When we viewed these films, did we…

  • State claims? 

  • Provide evidence to support our claims?

  • Give reasons why the evidence is important? 

“Yes? So, could a short film be considered a text?” 

Heads nod. 

I love this moment. I feel like a magician pulling a rabbit out of my hat! Surprise, you have been reading these films!


Scaffolding Students’ Literary Analysis 

Before this revelation about films, we spend a few weeks viewing, discussing and writing about them. I use the following teaching moves to guide our process. 

  1. We watch and enjoy the film together. 

  2. I scaffold text interpretation, using Visual Thinking Strategies (VTS), by asking students: 

    • What is going on in this film? 

    • What do you see that makes you say that?

    • What else do you see?

  3. We watch the film a second time with a few claims in mind. I suggest that students jot notes in their reading notebook so that they can refer to them during our class discussion.

  4. I facilitate a whole class discussion and replay important parts per students request. Just as we reread printed texts, we “re-watch” parts of the film in search of evidence to support claims.  Hence, we have purposeful close reading!

***For more on Visual Thinking Strategies, check out the article by Edutopia linked here.
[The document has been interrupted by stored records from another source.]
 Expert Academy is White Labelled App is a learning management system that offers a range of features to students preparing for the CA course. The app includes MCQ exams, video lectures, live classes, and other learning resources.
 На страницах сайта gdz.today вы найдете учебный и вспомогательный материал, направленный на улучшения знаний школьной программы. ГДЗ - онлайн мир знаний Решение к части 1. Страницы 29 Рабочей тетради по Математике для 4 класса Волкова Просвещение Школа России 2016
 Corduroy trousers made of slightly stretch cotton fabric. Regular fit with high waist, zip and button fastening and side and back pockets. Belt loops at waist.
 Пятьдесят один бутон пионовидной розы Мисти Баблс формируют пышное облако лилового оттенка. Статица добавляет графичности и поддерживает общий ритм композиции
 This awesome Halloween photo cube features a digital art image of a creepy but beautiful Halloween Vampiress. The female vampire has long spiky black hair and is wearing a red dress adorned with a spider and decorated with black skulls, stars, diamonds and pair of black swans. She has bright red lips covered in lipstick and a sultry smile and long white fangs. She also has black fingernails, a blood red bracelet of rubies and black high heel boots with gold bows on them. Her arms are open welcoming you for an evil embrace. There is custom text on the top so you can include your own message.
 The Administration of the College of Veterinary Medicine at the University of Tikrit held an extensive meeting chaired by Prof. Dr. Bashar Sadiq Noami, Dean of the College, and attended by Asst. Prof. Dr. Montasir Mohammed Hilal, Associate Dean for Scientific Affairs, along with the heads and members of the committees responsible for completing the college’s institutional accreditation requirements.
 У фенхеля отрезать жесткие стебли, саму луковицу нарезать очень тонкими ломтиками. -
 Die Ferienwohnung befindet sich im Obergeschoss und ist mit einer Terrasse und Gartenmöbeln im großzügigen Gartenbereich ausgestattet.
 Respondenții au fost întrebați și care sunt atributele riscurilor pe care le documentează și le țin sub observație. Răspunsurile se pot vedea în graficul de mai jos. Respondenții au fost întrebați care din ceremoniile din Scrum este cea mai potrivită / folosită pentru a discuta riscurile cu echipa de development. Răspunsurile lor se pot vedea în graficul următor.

Claim, Evidence, Reason and Written Response

The VTS questions support students in stating a claim about a text, providing evidence to support it, and explaining the reasons it is important. This process, called Claim, Evidence, Reason (CER), is a critical strand in state education standards for students in Grades 3-12. Below is an anchor chart I created with students following their analysis and discussion of the short film, Snack Attack.

Senatore 2024

Your lesson could end with charting or having students jot down some new insights about the film. You could also extend the lesson to include short written response like the example below. Once students gain confidence in short response, they practice on their own by supporting another claim from the same film. I support students who need more help in small groups. 

Senatore, 2024

Transitioning to Printed Text

This leads me to the main reason I love teaching reading comprehension with short films. Yes, the films are engaging, but what makes this work so powerful is that is it’s accessible to ALL students regardless of reading ability. With films, you take away the barrier of print and get right to the work of interpretation. Once students have learned and practiced analytical skills with short films, they are ready to analyze written texts. Below is a possible sequence from texts with images to texts with print for students’ verbal and written analysis.

Senatore, 2024

Whether analyzing short films or novels, it is critical to create spaces where students co-construct meaning and learn from one another in whole class and small group settings. Starting this process with short films scaffolds the complexities of literary analysis and interpretation and yields more engaged and skilled student readers and writers.